Last Friday’s death of SB 878 (Leyva-D) in the hands of Senate Appropriations Committee Chair Ricardo Lara (D) and other level-headed Democrats was an important victory for the business community, displaying the merits of our often messy bicameral legislative system and the opportunities it affords political combatants to shape and influence policy outcomes.
Having been designed to promote compromise and provide plenty of procedural escape hatches, both bringing a bill into law and the act of killing a bill require nearly constant recalibration and the strategic placement of leverage. For each bill the CRA’s governmental affairs team fights, a public record of opposition is created. Letters of opposition are submitted to the bill’s author and testimony is given during committee hearings.
The act of making sausage is often used as a political metaphor for the policy process, and in the case of SB 878, the comparison is especially apt.
There are many ways to kill a bill. Legislation can be gutted and amended to a point beyond recognition, fail through an up-and-down vote on the house floor or in committee, be held by author or legislative leader to never receive a vote at all, and as a last resort, a governor can veto legislation after it has been passed. These different pathways form a duality as each bill must overcome the same hurdles in the senate and assembly. (Learn more from our “How a bill becomes a law” infographic)
Bills with an impact on the state budget require additional approval from a fiscal committee. Because the restrictive scheduling bill would have cost the state an estimated $5.6 million to implement, SB 878 had been held in the Suspense File for further debate. Friday marked the deadline for legislation to move out of the Suspense File and to proceed to a floor vote, which the restrictive scheduling measure failed to do as the measure was shelved by Senator Lara and other members of the Senate Appropriations committee without casting a single vote.
While the political calculus behind pulling a bill can be complex, many policy arguments simply come down to leverage and the pressure applied by constituents with the potential to hurt a politician’s chances at re-election. With the help of many restaurant owners and other businesses who voiced their opposition to SB 878, the CRA and its allies in the grocer and retail industries doggedly battled this legislation at each stage of the bill’s lifecycle, resulting in the death of one of California’s most burdensome attempts to regulate business.
A bill can die, even if the issue lives on
After the bill was held on suspense, Senator Leyva promised to return to the issue in the future.
Making this issue even more likely to continue to be a major issue, the California Labor Federation has made restrictive scheduling a legislative priority.
The morning of last week’s crucial deadline their spokesman released a statement saying, “We will use every tool available to us to get the message out about why this bill is important for workers.”

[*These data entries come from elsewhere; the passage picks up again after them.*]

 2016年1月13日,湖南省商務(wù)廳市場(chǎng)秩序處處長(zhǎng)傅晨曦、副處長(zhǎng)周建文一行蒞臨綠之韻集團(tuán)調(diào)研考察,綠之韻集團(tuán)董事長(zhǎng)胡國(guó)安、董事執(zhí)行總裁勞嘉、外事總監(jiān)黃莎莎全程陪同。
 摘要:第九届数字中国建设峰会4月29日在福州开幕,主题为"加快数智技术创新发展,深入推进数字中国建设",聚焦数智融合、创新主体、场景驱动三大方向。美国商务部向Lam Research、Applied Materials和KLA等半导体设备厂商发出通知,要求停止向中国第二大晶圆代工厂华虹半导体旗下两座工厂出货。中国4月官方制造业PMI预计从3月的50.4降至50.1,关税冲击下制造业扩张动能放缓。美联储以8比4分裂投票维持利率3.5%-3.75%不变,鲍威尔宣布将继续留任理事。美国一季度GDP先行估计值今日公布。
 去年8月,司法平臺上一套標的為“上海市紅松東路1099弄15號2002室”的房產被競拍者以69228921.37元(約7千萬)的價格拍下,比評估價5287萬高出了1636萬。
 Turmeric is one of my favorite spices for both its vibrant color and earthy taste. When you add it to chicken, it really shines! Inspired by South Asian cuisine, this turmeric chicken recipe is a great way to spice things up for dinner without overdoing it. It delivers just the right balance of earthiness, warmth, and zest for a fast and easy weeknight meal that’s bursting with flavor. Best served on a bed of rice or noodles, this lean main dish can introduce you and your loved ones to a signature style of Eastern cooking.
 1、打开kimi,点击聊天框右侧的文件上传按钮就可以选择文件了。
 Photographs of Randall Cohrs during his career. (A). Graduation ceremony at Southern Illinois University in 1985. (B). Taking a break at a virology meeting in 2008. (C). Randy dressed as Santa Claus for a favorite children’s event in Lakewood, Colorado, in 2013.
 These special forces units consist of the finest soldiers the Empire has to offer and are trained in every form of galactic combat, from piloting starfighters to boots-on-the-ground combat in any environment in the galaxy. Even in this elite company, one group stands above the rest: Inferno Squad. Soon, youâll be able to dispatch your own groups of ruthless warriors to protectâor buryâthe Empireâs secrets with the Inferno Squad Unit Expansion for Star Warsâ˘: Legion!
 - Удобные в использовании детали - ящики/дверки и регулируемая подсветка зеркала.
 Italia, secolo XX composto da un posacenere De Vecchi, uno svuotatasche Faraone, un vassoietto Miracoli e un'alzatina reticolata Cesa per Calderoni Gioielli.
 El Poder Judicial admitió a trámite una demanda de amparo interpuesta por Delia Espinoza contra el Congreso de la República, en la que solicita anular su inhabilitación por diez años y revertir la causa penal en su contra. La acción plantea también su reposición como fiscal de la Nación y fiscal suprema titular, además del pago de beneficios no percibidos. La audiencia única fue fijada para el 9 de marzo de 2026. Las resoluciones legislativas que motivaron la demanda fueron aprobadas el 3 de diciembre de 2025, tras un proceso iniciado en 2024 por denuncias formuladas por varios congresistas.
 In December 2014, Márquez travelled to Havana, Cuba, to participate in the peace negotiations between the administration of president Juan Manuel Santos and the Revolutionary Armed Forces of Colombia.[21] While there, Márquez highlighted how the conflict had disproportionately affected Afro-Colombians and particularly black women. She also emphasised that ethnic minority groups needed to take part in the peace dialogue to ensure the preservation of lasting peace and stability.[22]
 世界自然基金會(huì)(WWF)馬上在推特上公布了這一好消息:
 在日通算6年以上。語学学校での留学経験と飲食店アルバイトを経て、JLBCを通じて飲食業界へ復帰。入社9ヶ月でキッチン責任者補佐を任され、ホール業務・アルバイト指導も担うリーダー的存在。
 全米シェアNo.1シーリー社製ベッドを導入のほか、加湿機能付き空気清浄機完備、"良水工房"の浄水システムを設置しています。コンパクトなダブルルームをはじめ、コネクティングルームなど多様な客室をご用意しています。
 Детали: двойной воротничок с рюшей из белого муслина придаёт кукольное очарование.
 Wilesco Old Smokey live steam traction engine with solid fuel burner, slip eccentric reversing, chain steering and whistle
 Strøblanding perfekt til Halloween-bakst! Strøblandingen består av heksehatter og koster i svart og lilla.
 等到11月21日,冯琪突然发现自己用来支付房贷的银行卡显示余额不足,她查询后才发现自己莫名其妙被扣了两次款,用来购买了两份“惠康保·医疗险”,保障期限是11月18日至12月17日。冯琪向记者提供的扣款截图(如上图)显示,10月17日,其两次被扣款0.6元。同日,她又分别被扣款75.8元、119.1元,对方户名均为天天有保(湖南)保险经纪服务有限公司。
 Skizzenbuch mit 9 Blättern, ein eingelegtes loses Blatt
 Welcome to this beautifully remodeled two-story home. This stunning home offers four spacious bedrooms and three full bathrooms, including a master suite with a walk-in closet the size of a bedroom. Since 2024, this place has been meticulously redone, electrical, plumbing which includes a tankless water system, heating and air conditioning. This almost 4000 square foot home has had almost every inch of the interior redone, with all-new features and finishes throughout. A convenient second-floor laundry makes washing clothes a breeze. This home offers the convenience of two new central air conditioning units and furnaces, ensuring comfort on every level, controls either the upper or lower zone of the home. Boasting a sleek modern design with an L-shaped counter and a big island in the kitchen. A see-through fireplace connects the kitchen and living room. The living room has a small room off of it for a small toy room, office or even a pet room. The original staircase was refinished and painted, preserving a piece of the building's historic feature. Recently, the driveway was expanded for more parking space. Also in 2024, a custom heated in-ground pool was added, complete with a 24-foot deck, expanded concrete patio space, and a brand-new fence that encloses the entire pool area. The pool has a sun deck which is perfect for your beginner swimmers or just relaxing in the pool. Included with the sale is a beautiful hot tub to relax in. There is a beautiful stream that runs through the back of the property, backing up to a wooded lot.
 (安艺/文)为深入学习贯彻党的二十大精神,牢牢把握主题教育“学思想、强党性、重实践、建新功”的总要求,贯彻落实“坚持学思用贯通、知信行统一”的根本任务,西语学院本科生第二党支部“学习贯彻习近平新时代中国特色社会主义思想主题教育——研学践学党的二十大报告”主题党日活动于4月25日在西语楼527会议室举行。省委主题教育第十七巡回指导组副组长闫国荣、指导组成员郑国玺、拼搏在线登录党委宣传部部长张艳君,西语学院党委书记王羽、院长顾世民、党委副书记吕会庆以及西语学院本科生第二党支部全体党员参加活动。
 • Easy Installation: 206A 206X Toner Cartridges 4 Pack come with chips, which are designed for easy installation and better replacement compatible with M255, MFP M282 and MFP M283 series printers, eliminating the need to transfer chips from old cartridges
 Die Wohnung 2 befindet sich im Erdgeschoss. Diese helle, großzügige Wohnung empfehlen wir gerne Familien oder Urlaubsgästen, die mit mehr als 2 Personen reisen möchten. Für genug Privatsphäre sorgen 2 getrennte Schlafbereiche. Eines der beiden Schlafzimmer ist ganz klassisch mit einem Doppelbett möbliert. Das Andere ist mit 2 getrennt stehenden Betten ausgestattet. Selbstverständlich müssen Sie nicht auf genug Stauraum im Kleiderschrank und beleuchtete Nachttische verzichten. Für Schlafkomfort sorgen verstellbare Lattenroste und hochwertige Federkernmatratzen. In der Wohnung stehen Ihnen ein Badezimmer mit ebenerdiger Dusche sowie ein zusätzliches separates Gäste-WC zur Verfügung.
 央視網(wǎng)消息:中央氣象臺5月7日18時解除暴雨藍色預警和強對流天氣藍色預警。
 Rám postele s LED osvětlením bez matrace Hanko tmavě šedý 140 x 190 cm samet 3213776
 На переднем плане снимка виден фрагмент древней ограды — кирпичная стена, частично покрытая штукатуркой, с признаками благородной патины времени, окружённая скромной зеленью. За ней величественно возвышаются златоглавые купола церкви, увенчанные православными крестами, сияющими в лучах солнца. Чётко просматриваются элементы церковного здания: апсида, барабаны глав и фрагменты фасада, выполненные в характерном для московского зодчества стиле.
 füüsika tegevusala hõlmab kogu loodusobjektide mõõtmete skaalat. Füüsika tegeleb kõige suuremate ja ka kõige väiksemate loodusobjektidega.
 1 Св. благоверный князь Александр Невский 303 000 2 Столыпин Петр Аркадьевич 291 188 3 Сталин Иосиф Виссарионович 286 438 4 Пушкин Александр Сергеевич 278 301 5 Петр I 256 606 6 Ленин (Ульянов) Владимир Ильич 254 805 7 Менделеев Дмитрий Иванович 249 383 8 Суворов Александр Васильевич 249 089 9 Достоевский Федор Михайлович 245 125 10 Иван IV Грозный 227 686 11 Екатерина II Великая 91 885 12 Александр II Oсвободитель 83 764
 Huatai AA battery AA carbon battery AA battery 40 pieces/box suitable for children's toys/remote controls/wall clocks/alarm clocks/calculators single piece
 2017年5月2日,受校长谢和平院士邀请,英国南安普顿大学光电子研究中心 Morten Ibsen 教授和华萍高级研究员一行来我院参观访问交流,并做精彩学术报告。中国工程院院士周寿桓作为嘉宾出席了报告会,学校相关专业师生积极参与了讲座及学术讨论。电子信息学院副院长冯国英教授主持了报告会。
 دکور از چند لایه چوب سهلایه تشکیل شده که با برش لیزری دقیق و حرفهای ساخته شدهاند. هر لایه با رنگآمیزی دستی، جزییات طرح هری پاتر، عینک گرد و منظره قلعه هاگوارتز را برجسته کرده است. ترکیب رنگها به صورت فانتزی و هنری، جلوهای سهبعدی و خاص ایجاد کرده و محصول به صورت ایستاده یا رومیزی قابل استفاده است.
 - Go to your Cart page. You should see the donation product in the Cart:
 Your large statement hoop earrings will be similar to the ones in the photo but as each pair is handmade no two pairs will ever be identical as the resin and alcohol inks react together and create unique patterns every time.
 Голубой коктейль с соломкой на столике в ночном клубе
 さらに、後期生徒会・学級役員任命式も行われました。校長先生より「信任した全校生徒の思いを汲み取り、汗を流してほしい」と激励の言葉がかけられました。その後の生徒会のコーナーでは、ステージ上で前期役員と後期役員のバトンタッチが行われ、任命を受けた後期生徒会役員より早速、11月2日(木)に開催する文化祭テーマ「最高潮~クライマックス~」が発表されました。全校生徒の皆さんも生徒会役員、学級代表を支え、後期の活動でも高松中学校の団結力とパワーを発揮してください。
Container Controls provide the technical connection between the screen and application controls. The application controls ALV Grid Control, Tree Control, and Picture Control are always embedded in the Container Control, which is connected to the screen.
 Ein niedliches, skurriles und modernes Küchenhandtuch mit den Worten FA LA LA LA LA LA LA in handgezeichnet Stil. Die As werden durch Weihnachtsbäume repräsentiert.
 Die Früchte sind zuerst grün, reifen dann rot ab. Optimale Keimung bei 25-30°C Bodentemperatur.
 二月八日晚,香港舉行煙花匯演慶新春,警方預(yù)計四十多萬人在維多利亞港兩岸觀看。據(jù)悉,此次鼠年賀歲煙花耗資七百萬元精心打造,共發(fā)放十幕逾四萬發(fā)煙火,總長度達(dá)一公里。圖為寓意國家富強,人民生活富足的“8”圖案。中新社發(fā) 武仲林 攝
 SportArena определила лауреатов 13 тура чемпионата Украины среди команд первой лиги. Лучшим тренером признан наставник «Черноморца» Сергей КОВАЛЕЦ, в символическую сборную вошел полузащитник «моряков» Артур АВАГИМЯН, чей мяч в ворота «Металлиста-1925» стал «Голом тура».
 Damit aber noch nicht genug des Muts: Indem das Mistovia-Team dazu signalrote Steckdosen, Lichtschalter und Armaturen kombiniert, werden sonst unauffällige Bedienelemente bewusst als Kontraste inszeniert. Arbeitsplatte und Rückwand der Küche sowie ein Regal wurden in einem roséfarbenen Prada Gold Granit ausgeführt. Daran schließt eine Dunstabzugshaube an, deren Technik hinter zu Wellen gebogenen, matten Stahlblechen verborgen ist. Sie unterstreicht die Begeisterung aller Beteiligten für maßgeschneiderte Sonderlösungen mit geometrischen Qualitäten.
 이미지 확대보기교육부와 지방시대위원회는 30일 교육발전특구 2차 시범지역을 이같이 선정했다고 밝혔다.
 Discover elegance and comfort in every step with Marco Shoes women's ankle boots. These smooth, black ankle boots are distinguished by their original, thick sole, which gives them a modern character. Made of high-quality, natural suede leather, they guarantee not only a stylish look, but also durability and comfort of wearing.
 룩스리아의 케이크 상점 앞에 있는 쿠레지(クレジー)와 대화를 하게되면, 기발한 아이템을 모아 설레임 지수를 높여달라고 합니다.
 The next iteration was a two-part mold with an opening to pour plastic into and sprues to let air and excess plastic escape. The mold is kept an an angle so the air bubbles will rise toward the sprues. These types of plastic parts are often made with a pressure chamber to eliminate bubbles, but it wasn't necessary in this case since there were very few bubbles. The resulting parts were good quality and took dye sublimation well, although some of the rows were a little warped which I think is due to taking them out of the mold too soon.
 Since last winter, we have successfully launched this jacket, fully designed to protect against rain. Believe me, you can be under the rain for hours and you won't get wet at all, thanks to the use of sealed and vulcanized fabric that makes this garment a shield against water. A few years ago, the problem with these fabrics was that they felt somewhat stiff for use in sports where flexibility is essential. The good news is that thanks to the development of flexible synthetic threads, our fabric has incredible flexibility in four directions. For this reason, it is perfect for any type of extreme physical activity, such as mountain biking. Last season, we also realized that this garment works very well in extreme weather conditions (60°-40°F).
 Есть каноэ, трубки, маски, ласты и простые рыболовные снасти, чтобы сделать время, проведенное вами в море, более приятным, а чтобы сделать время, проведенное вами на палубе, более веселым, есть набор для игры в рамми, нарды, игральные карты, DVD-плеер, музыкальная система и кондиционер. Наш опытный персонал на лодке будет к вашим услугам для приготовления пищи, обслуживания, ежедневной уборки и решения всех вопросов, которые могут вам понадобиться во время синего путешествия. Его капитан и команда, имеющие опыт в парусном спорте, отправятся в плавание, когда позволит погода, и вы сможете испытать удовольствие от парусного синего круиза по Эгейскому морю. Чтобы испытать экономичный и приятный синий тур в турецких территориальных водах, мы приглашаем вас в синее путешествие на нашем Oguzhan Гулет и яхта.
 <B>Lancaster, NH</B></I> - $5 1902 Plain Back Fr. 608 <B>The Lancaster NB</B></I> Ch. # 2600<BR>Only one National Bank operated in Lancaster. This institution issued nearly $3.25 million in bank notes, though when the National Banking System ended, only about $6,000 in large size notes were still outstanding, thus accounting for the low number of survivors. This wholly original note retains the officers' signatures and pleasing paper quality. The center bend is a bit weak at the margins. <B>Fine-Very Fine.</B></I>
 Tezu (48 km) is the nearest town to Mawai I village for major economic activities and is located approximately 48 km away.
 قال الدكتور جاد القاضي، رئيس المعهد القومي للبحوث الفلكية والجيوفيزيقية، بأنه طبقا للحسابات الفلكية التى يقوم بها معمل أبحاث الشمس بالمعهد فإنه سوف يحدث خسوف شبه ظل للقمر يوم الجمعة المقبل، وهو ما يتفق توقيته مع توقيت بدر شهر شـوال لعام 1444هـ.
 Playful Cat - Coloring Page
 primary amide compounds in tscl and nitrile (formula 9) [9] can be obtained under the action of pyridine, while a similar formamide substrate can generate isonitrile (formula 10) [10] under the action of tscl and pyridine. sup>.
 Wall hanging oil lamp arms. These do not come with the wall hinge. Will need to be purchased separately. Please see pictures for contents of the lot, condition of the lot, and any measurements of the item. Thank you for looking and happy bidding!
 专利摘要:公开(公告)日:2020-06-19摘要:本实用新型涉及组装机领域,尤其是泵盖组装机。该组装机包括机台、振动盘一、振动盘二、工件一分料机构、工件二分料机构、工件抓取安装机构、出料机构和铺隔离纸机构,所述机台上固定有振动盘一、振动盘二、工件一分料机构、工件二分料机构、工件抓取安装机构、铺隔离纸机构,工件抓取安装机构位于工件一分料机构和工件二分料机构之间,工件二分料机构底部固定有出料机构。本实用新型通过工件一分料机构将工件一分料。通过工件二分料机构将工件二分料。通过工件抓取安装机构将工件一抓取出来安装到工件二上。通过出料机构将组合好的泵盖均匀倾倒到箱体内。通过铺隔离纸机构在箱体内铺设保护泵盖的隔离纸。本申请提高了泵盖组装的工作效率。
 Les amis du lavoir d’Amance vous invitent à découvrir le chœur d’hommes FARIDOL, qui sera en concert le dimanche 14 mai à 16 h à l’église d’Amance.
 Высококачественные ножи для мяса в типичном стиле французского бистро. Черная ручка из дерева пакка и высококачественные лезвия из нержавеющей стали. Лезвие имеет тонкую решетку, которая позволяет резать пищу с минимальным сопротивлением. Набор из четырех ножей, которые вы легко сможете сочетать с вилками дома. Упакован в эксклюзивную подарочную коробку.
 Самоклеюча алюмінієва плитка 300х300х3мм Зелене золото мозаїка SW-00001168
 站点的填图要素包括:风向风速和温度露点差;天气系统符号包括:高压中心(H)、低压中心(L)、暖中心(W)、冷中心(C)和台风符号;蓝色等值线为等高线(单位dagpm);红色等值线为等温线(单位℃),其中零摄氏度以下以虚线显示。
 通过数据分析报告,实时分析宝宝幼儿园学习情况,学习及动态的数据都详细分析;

One procedure for resurrecting an issue after it has been put to bed – like SB 878 – is known as the “gut and amend” process, whereby a piece of legislation on an entirely different topic is literally “gutted” and changed to have new content.
The final weeks of the legislative session leading up to its end (August 31) are notorious for the use of the gut and amend process. It is a time period where the legislature is on the floor of each house considering hundreds and hundreds of bills late into the night each night, presenting plenty of opportunity for mischief.
The CRA team of lobbyists is always present (often around the clock) and makes themselves known inside the Capitol during these times to work on the other bills of concern to the restaurant community, but also to watch for and react to these types of midnight specials.